Republicans celebrate the Port of Charleston, where container ships unload foreign-made consumer goods, as contributing to the region’s decade-long boom. Democrats, in contrast, point to shuttered textile mills and workers struggling to afford housing and transportation, and they blame booming economies such as China and India for shattering the state’s tranquility.
The next president should put forward a positive agenda for strengthening American competitiveness that learns from both the good news and the bad news in South Carolina. A comprehensive national strategy should embrace trade, address legitimate concerns about globalization, prioritize science and mathematics, invest in innovation and build strong communities.
Global trade has propelled the world’s longest and largest economic expansion and been a cornerstone of international security for six decades. For the U.S., commerce has contributed to consistent growth, increased productivity, innovation, lower prices and greater choice for consumers. Trade is not the main culprit behind the loss of jobs. Recent studies have shown that 90 percent of U.S. manufacturing job losses are due to companies shedding workers as they become more technologically advanced.
The next president needs to make the case for trade persuasively and unapologetically. At the same time, he or she will need to give the benefits of trade concrete meaning in American minds by aggressively expanding markets abroad for our most competitive industries — from information technology to aerospace to financial services to entertainment. Trading partners respond no better than we do to unilateral demands or mixed signals, which unfortunately is how U.S. policy is often viewed abroad. If the president is truly committed to addressing our imbalance with China, for instance, he or she needs to make the issue the first talking point, without hectoring, in each meeting with Chinese leaders. The U.S. can also work with influential Chinese, in and out of government, who themselves argue openly that China’s massive surpluses are distorting its own economy the most.
A recent Wall Street Journal/NBC News poll found that Democratic and Republican voters alike worry about globalization. Even if the proportion of American job losses attributable to trade is comparatively low, they are no less real for the affected families and communities. The next president should address globalization’s painful reality with more than words. The U.S. labor market is second to none in job turnover, yet we spend the smallest share of GDP on “social protection” programs of any industrialized nation except South Korea and Ireland. Comprehensive health care reform would help considerably. But even less ambitious fixes go a long way. Wage insurance policies, costing as little as $25 per year per worker, would provide support and incentives to nearly half a million workers finding jobs after trade-related shocks.

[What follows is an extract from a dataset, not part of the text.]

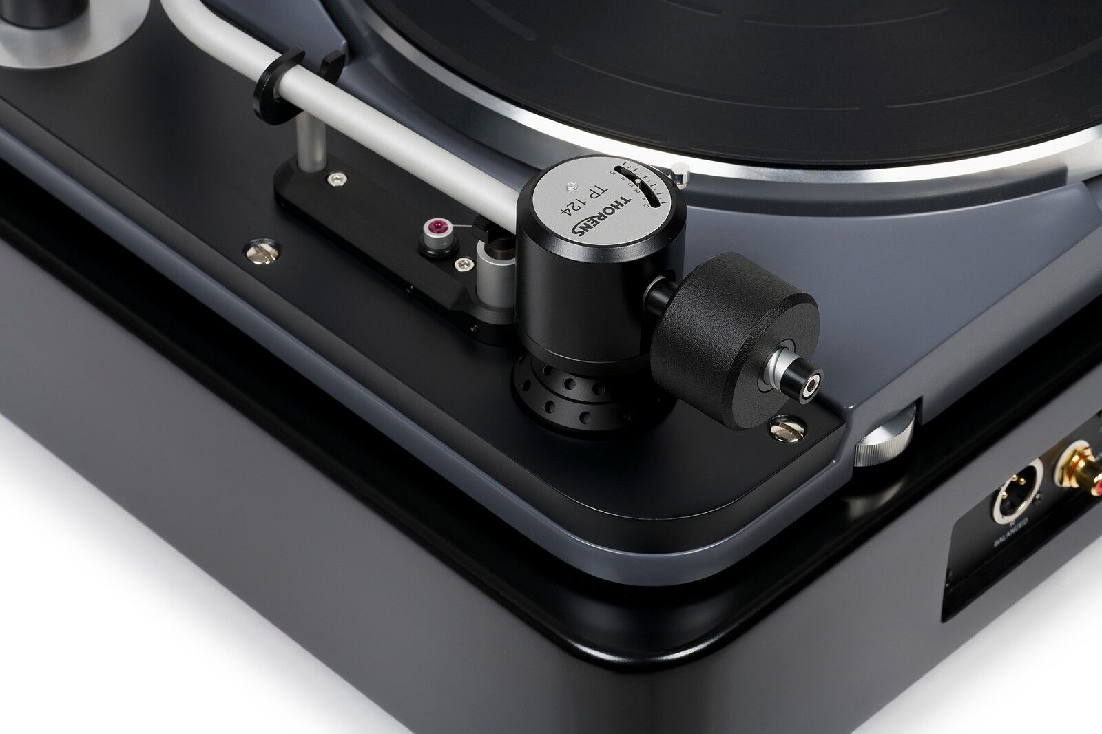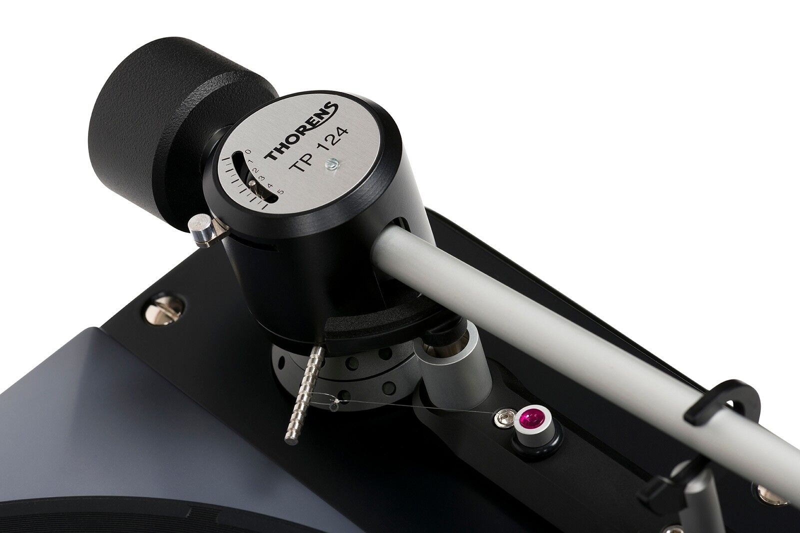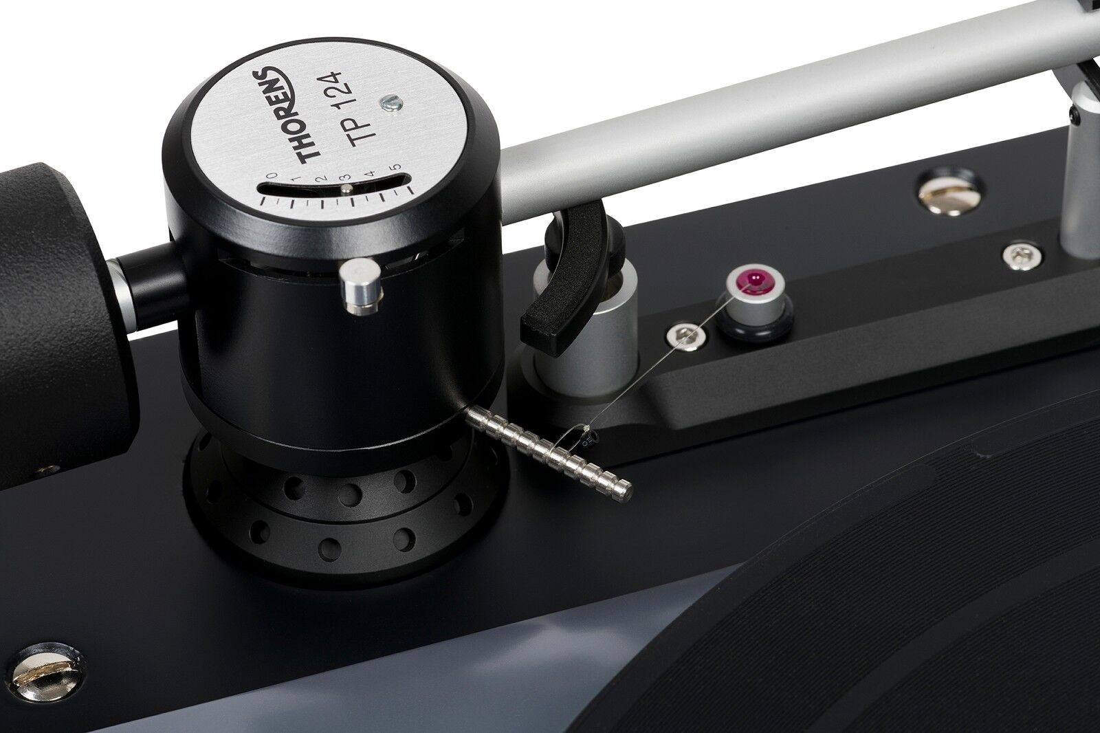 Der ebenfalls neue Tonarm TP 124 kann in allen Parametern präzise auf den verwendeten Tonabnehmer eingestellt werden und verfügt über eine innovative Antiskating-Lösung mit Rubin-Lager. Außerdem haben die Entwickler dem TD 124 DD einen patentierten neuen elektrischen Tonarm-Lift spendiert, der ein schonendes Einsetzen und Ausheben der Nadel sicherstellt.

More — and better — teaching of science and engineering is essential to innovation and the key to long-term competitiveness. Chinese students who transfer to American high schools typically discover that the most advanced math classes offered teach subjects that were covered years ago back home. Intel Executive Vice President Sean Maloney recommends that the U.S. recruit 10,000 new mathematics and science teachers each year, doubling the nation’s number of engineering graduates and giving incentives to induce 1,000 more top engineering students annually to pursue doctoral studies. Meanwhile, until the U.S. can ramp up the number of American engineers back to competitive levels, Maloney and others argue that the U.S. should double the number of H1-B visas for highly skilled foreign workers to meet market demand.
Charleston remains one of the world’s most attractive places to work and live. Its port is linked to the interstate system, the city center is flourishing, and the region boasts the beauty of the Atlantic seashore.
Like many metropolitan areas, however, Charleston’s future growth is threatened by congestion, increasing air and water pollution, and a shortage of affordable, accessible and livable neighborhoods. The region has tried to protect its coastline, retain open land, and preserve historic and natural landmarks. But no city can go it alone.
The next president could promote the country’s top-100 regions as central to national competitiveness through a mix of federal, state and local policies. As Brookings Institution expert Bruce Katz has noted, 83 percent of Americans live in metropolitan areas which “dominate the economy and house our wealth-generating industries.” The next administration should put forth a coordinated strategy of housing, education, transportation and environmental policies that will sustain the communities that form the foundation of national prosperity.
As voters consider who to choose in South Carolina, Republican and Democratic candidates should be required to discuss specific policies in a serious debate about American competitiveness that eschews sound bites and populist pandering. As the examples here show, there is no shortage of ideas that could form the basis of that conversation.